### [What you are asked to do]
Your answer must be an exact copy of the lines below, from the first through the one with "1.とうもろこしの初期生育に", with no pictures.

### [Stored data]

******************************

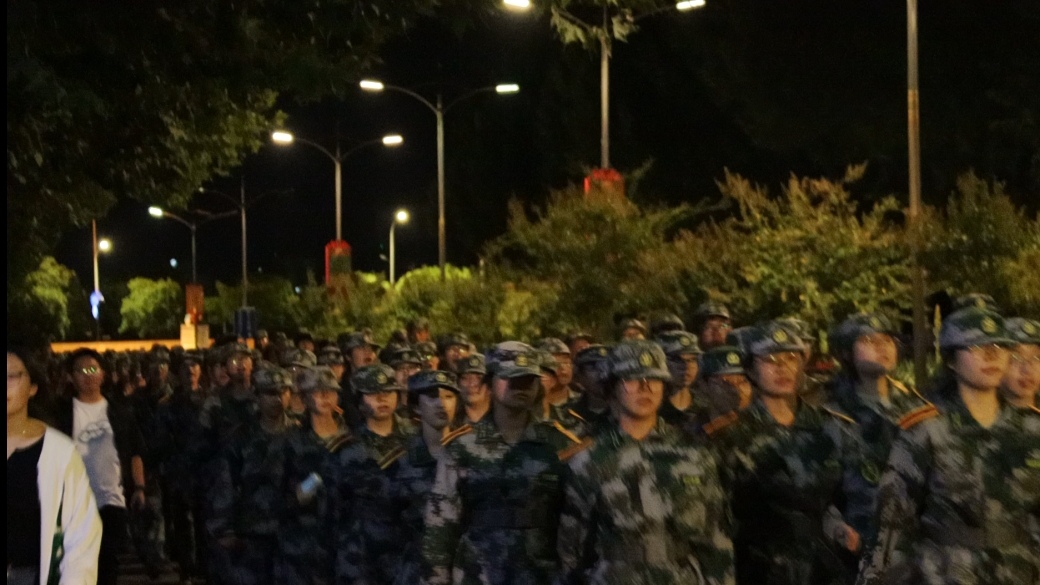 9月19日晚上十点,新生进行了夜间五公里拉练。急促号音睡梦惊,快步狂奔大路行。匆忙列队飞如箭,避短扬长再练兵。”军事训练磨砺着人的方方面面,而紧急集合也往往是这军训中的重头戏。面对紧急集合的高昂号角突然吹响,二营九连的同学们整齐划一、忙而不乱,为首次集合任务交出了一份优秀的答卷。
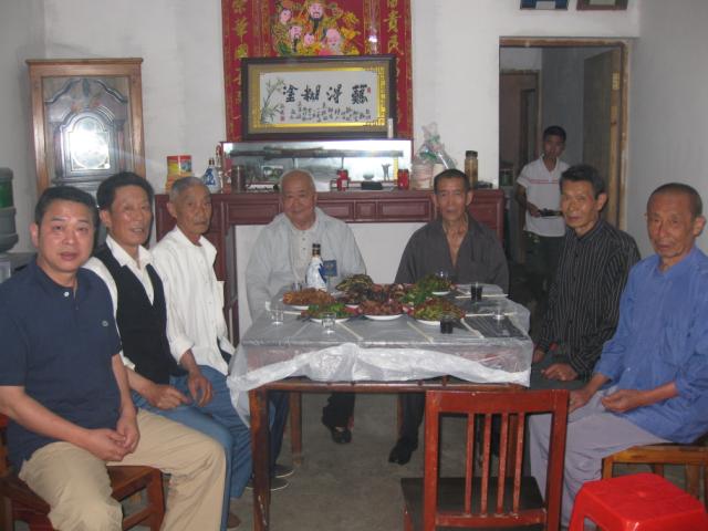 饶克明宗亲(左一)与当地宗亲长辈相聚
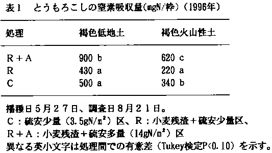 1.とうもろこしの初期生育における窒素吸収量は、硫酸アンモニアを少量しか施用しない場合には、小麦収穫物残渣をすき込むことにより低下し、特に褐色火山性土で著しかった。(表1)
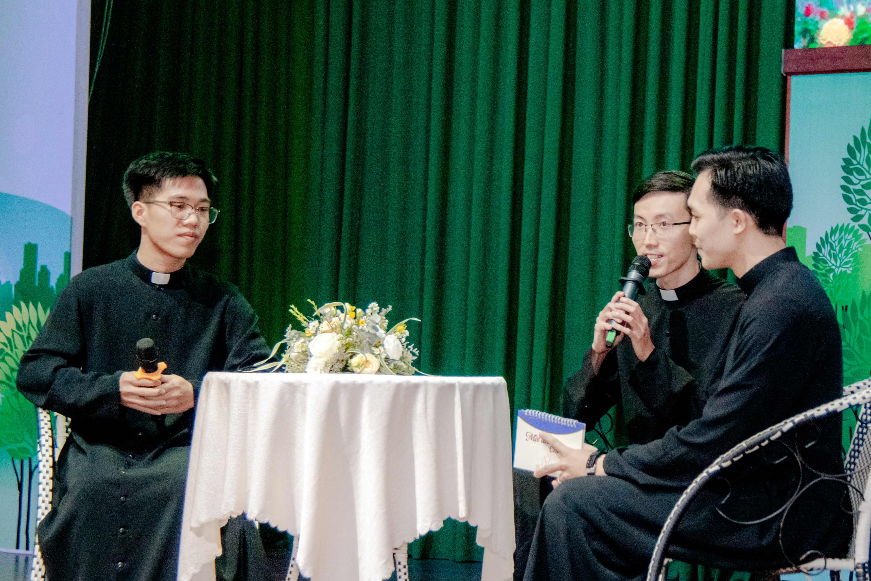 Phần lắng đọng nhất của buổi gặp gỡ là những lời tự sự của các thầy đại diện. Thầy Toàn (lớp Triết II) đã khiến cả hội trường nghẹn ngào khi kể về đôi vai gầy của cha và đôi bàn tay đầy vết sẹo của mẹ nơi vùng quê nghèo miền Bắc. Thầy xúc động thưa: "Con không thể mang tiền về cho ba mẹ như bao người con khác, nhưng con xin dâng mỗi ngày trong đời sống này... như món quà lớn nhất con có thể trao". Thầy Dương (lớp Thần III) cũng chia sẻ về kỷ niệm giờ kinh tối gia đình – nơi đã ươm mầm cho ý hướng đi tu của thầy.

******************************

### [Solution to this exercise]
 9月19日晚上十点,新生进行了夜间五公里拉练。急促号音睡梦惊,快步狂奔大路行。匆忙列队飞如箭,避短扬长再练兵。”军事训练磨砺着人的方方面面,而紧急集合也往往是这军训中的重头戏。面对紧急集合的高昂号角突然吹响,二营九连的同学们整齐划一、忙而不乱,为首次集合任务交出了一份优秀的答卷。
 饶克明宗亲(左一)与当地宗亲长辈相聚
 1.とうもろこしの初期生育における窒素吸収量は、硫酸アンモニアを少量しか施用しない場合には、小麦収穫物残渣をすき込むことにより低下し、特に褐色火山性土で著しかった。(表1)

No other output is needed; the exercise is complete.